Google Security Blog

Mitigating prompt injection attacks with a layered defense strategy
With the rapid adoption of generative AI, a new wave of threats is emerging across the industry with the aim of manipulating the AI systems themselves. One such emerging attack vector is indirect prompt injections. Unlike direct prompt injections, where an attacker directly inputs malicious commands into a prompt, indirect prompt injections involve hidden malicious instructions within external data sources. These may include emails, documents, or calendar invites that instruct AI to exfiltrate user data or execute other rogue actions. As more governments, businesses, and individuals adopt generative AI to get more done, this subtle yet potentially potent attack becomes increasingly pertinent across the industry, demanding immediate attention and robust security measures.

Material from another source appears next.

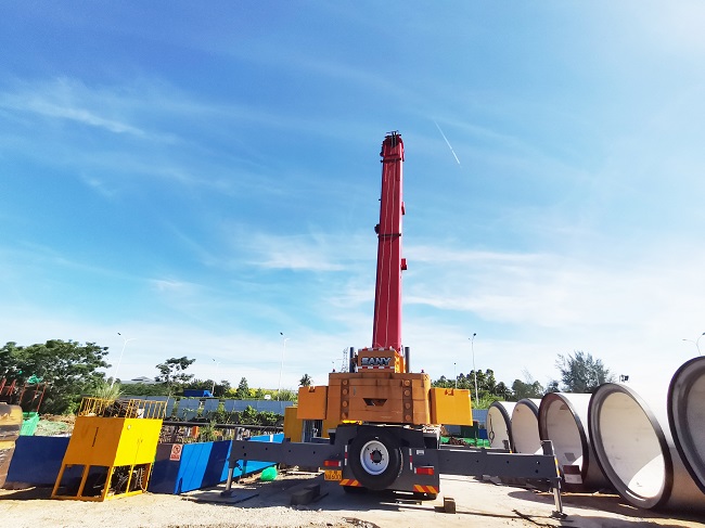 7月13日,冶建公司第三分公司承建的海口市觀瀾湖北區(qū)區(qū)外排水工程(PG3 線)施工現(xiàn)場,一臺長6米、外徑3.6米,重95噸 的超徑巖石頂管掘進機在起重機的牽引下精準進入到始發(fā)井的指定位置,標志著項目建設邁入更為高效、有序的軌道。

At Google, our teams have a longstanding precedent of investing in a defense-in-depth strategy, including robust evaluation, threat analysis, AI security best practices, AI red-teaming, adversarial training, and model hardening for generative AI tools. This approach enables safer adoption of Gemini in Google Workspace and the Gemini app (we refer to both in this blog as “Gemini” for simplicity). Below we describe our prompt injection mitigation product strategy based on extensive research, development, and deployment of improved security mitigations.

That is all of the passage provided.